#### HOW TO COMPLETE THIS TASK:
Write out the entries below exactly, but only from the line containing "华通白银现货指数CSSI走势" through the line containing "文明于心 回饋社會 臺州收費(fèi)所黨支部助力黃巖九峰公園垃圾清理", and without the pictures.

#### DATASET EXCERPTS:
___
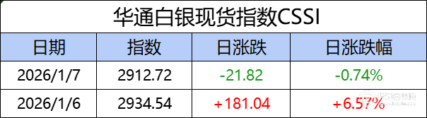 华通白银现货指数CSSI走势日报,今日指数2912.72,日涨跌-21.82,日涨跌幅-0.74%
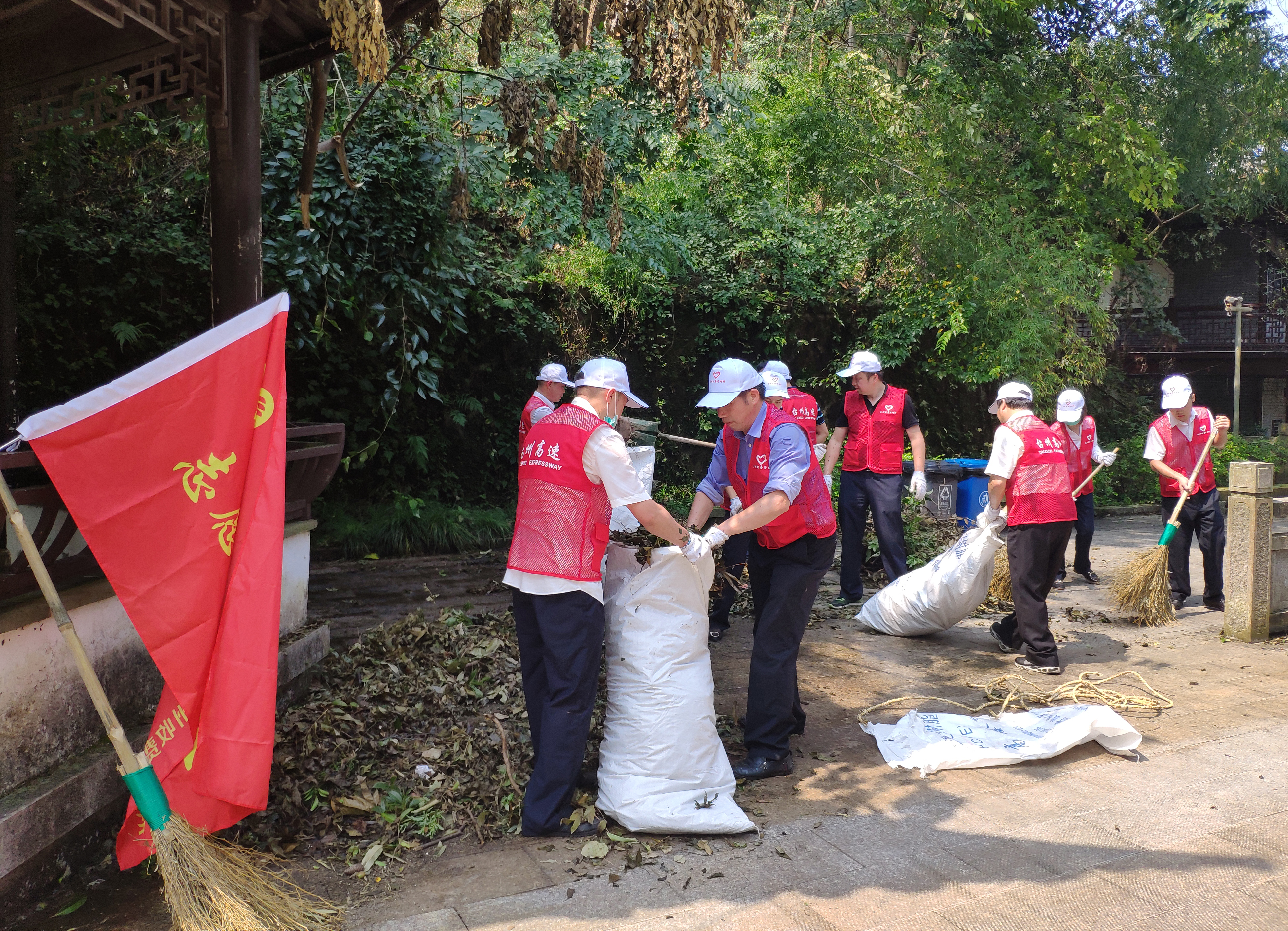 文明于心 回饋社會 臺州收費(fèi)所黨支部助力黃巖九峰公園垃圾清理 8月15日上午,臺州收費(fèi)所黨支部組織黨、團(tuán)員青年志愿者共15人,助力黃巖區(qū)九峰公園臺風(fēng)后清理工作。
___
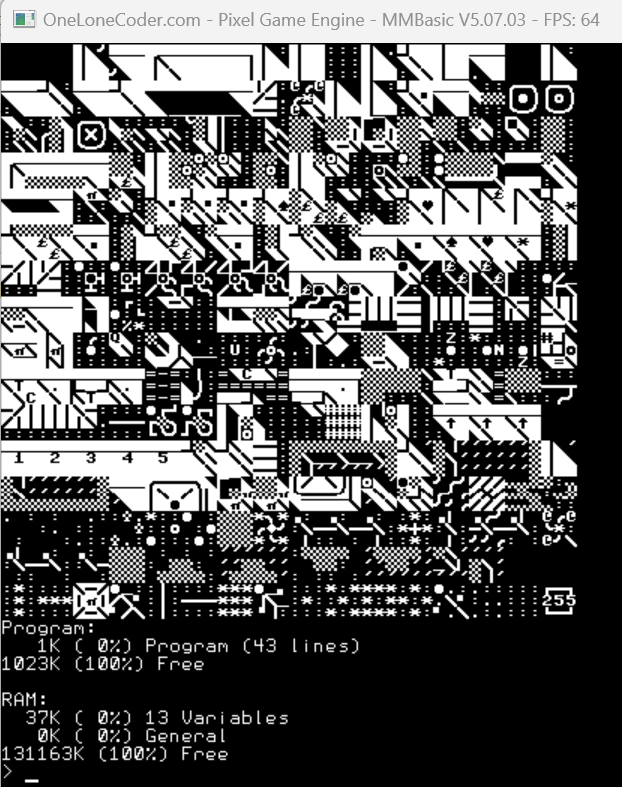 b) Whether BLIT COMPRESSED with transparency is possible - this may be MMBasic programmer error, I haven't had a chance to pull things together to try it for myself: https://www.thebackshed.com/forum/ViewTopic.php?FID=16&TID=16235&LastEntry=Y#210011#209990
___
#### SOLUTION FOR THIS PROBLEM:
 华通白银现货指数CSSI走势日报,今日指数2912.72,日涨跌-21.82,日涨跌幅-0.74%
 文明于心 回饋社會 臺州收費(fèi)所黨支部助力黃巖九峰公園垃圾清理 8月15日上午,臺州收費(fèi)所黨支部組織黨、團(tuán)員青年志愿者共15人,助力黃巖區(qū)九峰公園臺風(fēng)后清理工作。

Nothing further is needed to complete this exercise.